Energies and wave functions for a soft-core Coulomb potential

TL;DR

This paper analytically and numerically investigates the properties of a family of soft-core Coulomb potentials, deriving eigenvalues, wave functions, and density concavity, with implications for laser-atom interactions.

Contribution

It provides new analytical solutions for specific cases, applies the potential envelope method for estimates, and proves density concavity for a broad class of potentials.

Findings

Eigenvalues and wave functions are derived analytically for q=1.

Monotonic behavior of potentials and eigenvalues with respect to parameters is shown.

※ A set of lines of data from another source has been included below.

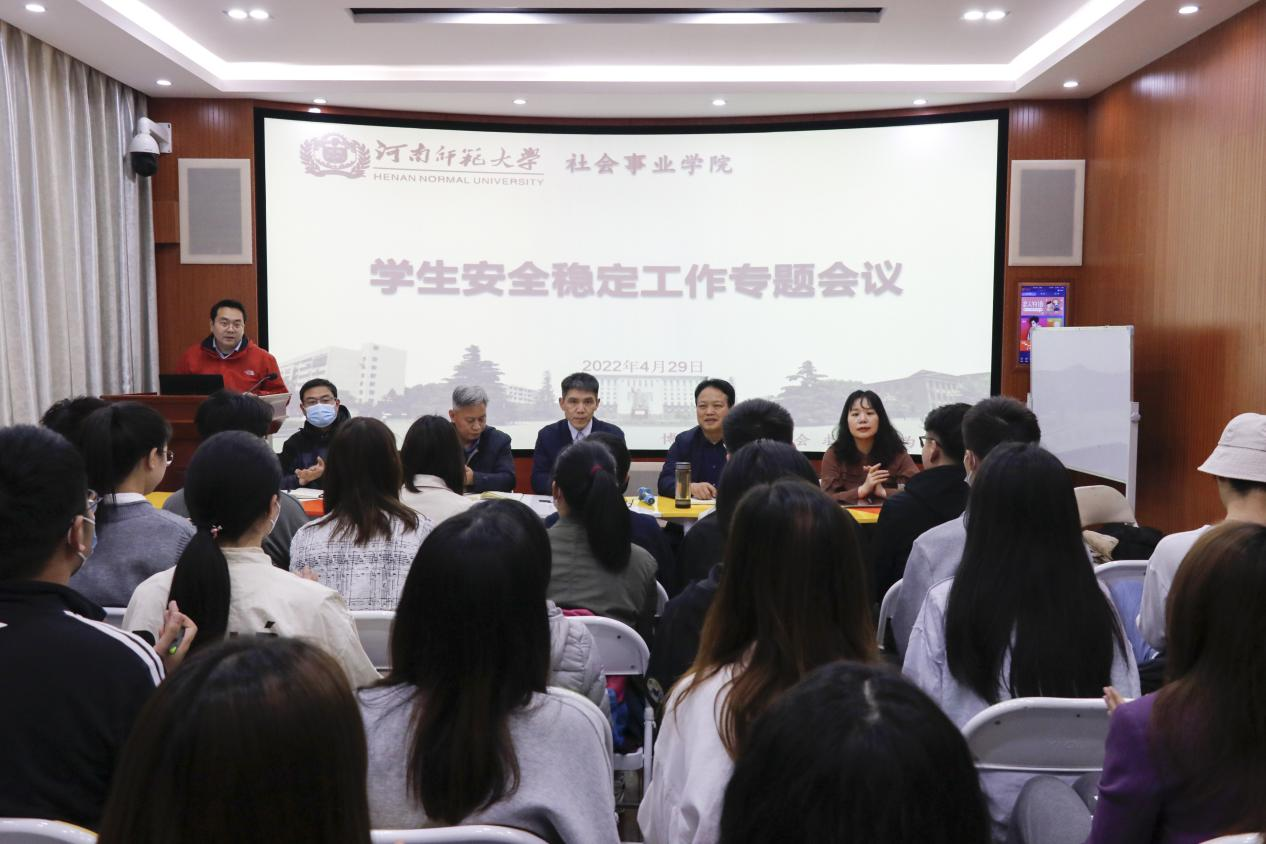 4月29日下午,社会事业学院于崇智楼503室召开学生安全稳定工作专题会议。学院领导班子、专兼职辅导员及各年级学生代表参与其中。本次会议由院团委书记田嘉玺主持。
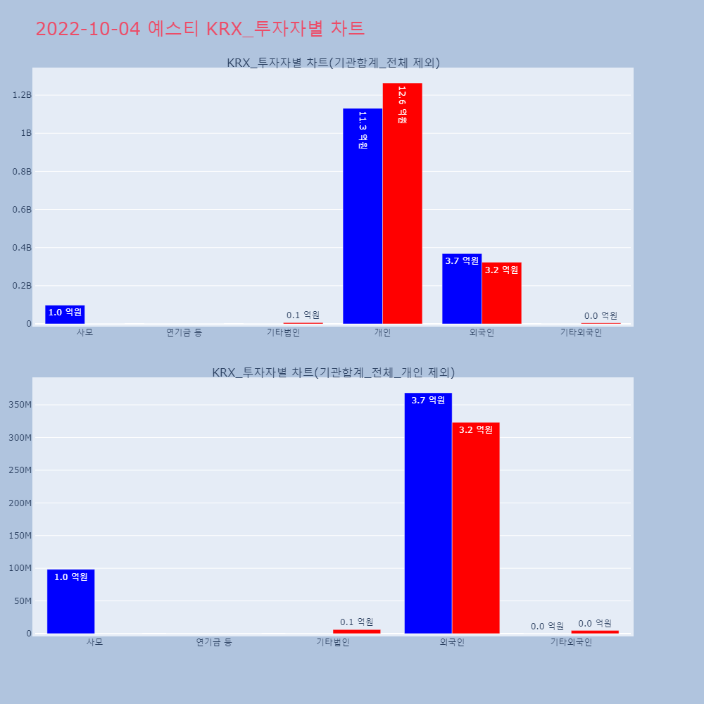 | 투자기관 | 거래량_매도 | 거래량_매수 | 거래량_순매수 | 거래대금_매도 | 거래대금_매수 | 거래대금_순매수 |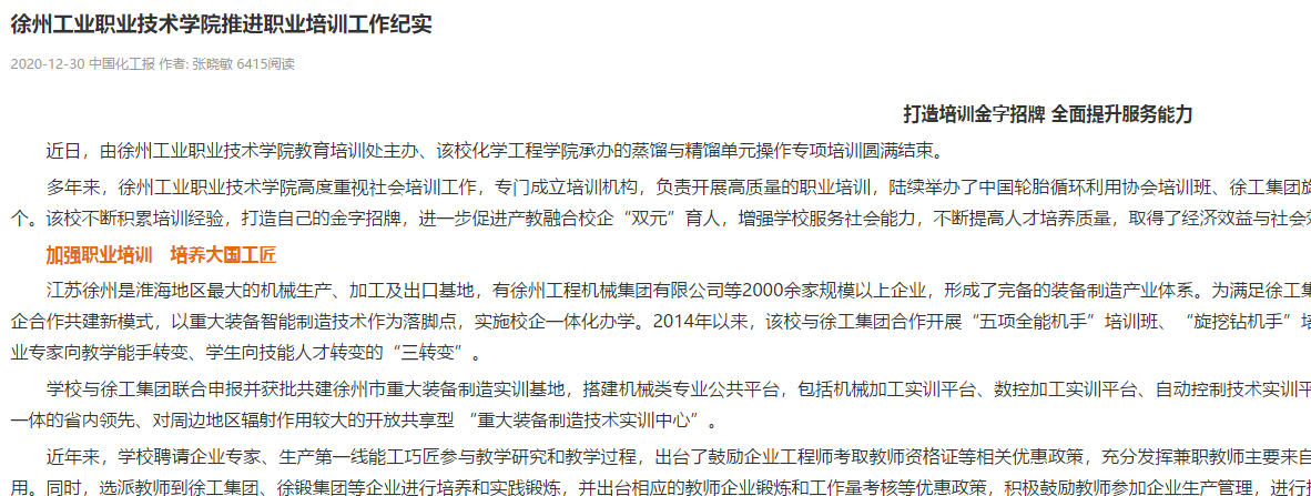多年来,taptap点点备用入口高度重视社会培训工作,专门成立培训机构,负责开展高质量的职业培训,陆续举办了中国轮胎循环利用协会培训班、徐工集团旋挖钻机手培训班、全国橡胶技术网培训班、晋煤恒盛培训、兖矿集团培训等专业技能培训项目107个。该校不断积累培训经验,打造自己的金字招牌,进一步促进产教融合校企“双元”育人,增强学校服务社会能力,不断提高人才培养质量,取得了经济效益与社会效益的双赢,被江苏省经信委授予“产业人才培训示范基地”荣誉称号。

Conjecture on state crossing conditions based on numerical analysis.

Abstract

For the family of model soft Coulomb potentials represented by V(r) = -\frac{Z}{(r^q+\beta^q)^{\frac{1}{q}}}, with the parameters Z>0, \beta>0, q \ge 1, it is shown analytically that the potentials and eigenvalues, E_{\nu\ell}, are monotonic in each parameter. The potential envelope method is applied to obtain approximate analytic estimates in terms of the known exact spectra for pure power potentials. For the case q =1, the Asymptotic Iteration Method is used to find exact analytic results for the eigenvalues E_{\nu\ell} and corresponding wave functions, expressed in terms of Z and \beta. A proof is presented establishing the general concavity of the scaled electron density near the nucleus resulting from the truncated potentials for all q. Based on an analysis of extensive numerical calculations, it is conjectured that the crossing between the pair of states [(\nu,\ell),(\nu',\ell')], is given by the condition \nu'\geq (\nu+1) and \ell' \geq (\ell+3). The significance of these results for the interaction of an intense laser field with an atom is pointed out. Differences in the observed level-crossing effects between the soft potentials and the hydrogen atom confined inside an impenetrable sphere are discussed.